Purple Magazine

urs fischer

ART

interview by OLIVIER ZAHM
all artwork copyright URS FISCHER
courtesy of the artist and gagosian gallery
photo by ULRICH GHEZZI

“When I think about the political in the visual arts, it’s how dreams — new or broken — come alive. That’s where the love is. Art always has room for anything and everybody. Art is whatever you allow it to be, as an artist or a viewer”.

OLIVIER ZAHM — Let’s talk about the anarchic nature of love, which has a very private side, but also a political side. As an artist, do you feel more narcissistic or empathetic?
URS FISCHER — Are you calling me an anarchist?

OLIVIER ZAHM — Anarchist? No — empathetic or narcissistic?
URS FISCHER — You framed love as “anarchic.”

OLIVIER ZAHM — Yes, the anarchy of love. I mean, love is always in conflict with society and all that. When you fall in love, you separate yourself. You form a sort of bubble with this partner, and you run away. And when it comes to politics, love is anarchic because there’s no dream, no ideology.
URS FISCHER — You mean, blind passion? No rationale, eh?

OLIVIER ZAHM — [Laughs] Yes! And just an impulse. A very utopian impulse. But as an artist, how do you feel about love?
URS FISCHER — I don’t really know. I used to have a real need to find it. It made me feel alive. Real life paled in comparison with this intensity that activates every cell in one’s body. My relation to what
I understand love to be must have changed. It turned into something that has more to do with love for myself, my family, people, the world — it’s more that than mad love, which used to be my only concept of love. My mad loves had more to do with my own needs than anything else. Mad love can help make good art — that’s for sure. It’s rocket fuel.

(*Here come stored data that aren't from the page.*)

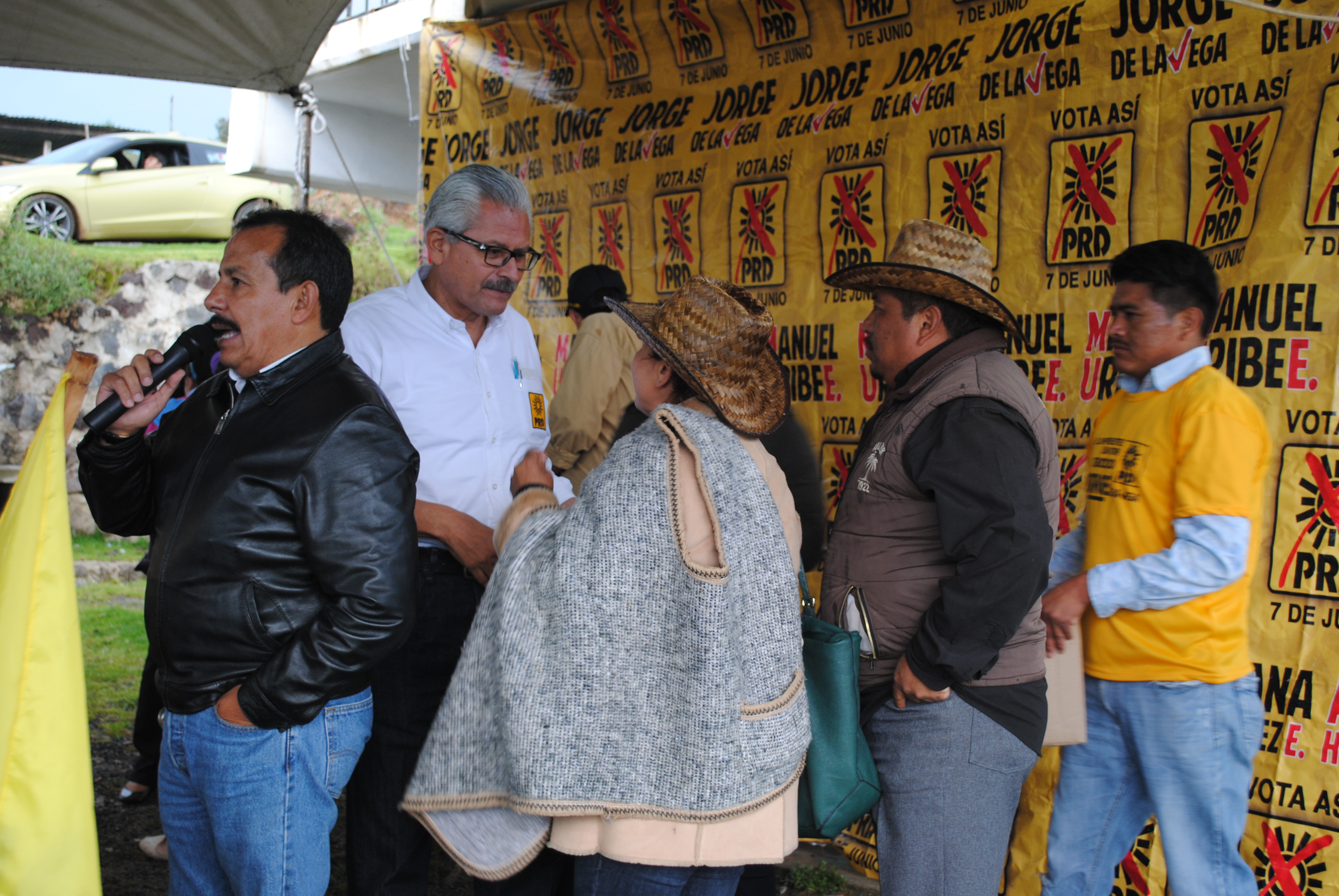 Jorge De la Vega Membrillo candidato a la alcaldía de Texcoco por el partido del sol azteca en su gira por comunidades de la zona de la montaña como la Colonia Guadalupe y San Jerónimo Amanalco exhortó a los más de cien y trecientos asistentes respectivamente a proteger sus tierras de la invasión de Antorcha.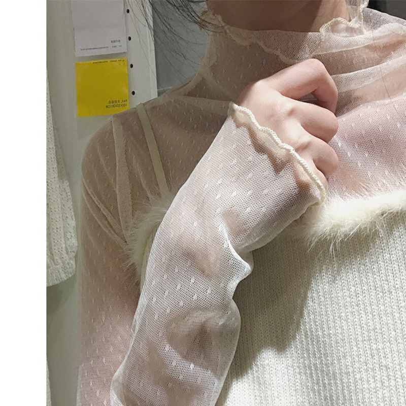 レースの底のシャツの女性の紗の服の春秋冬の新型の底の服の洋風の中で小さいシャツのネットの紗の長袖の透明な上着を掛けます。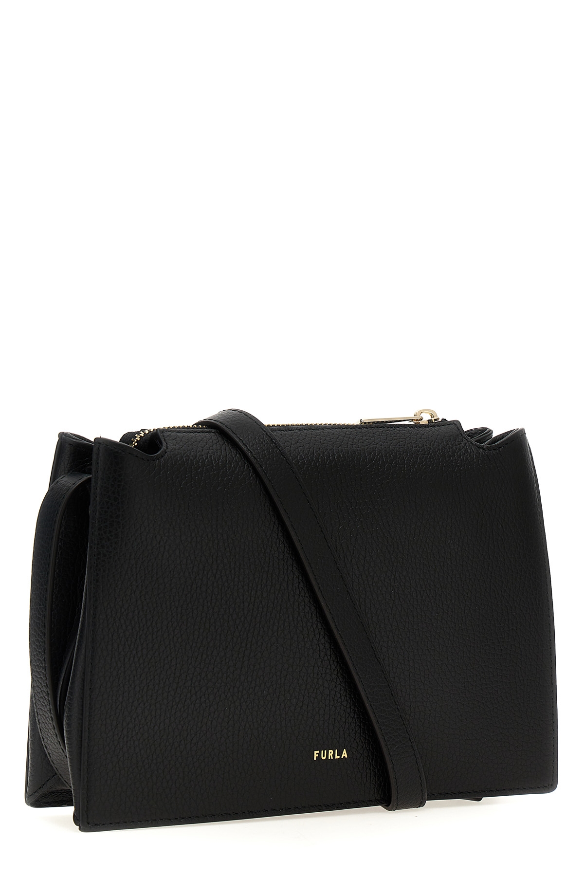 'Nuvola S' hammered leather crossbody bag, zip closure, adjustable and removable shoulder strap, Arcosfera hardware detail, front punched logo.

OLIVIER ZAHM — Do you mean true love? Mad love is true love, true love is mad love…
URS FISCHER — Mad love, to me, is an intense feeling. Feels amazing at the time, but it never worked out for me and, for sure, did not leave me in a good place once it faded away. Feeling high or intoxicated, my body chemistry off, can be a very lonely place. Chances are that you will not see the other, and they will not see you because they only see this intoxicated version of you. The love I look for is for life, for everything. When I feel part of everything, my life is simply beautiful, open. Maybe mad love for everything… Looking and listening feel better than trying to make something fit your own reality. Love, to me, is when I feel connected to myself and the universe at the same time. What other ways do we have to understand our existence? Our brain generates specific needs: it builds endless stories and narratives to find context. It seems to me that we’re very limited in our capacity to understand. What we want, think we deserve, desire — they take up most of our mind space. What we actually have is more difficult to embrace. So, we don’t have much ability to be in the moment. But the moment is love.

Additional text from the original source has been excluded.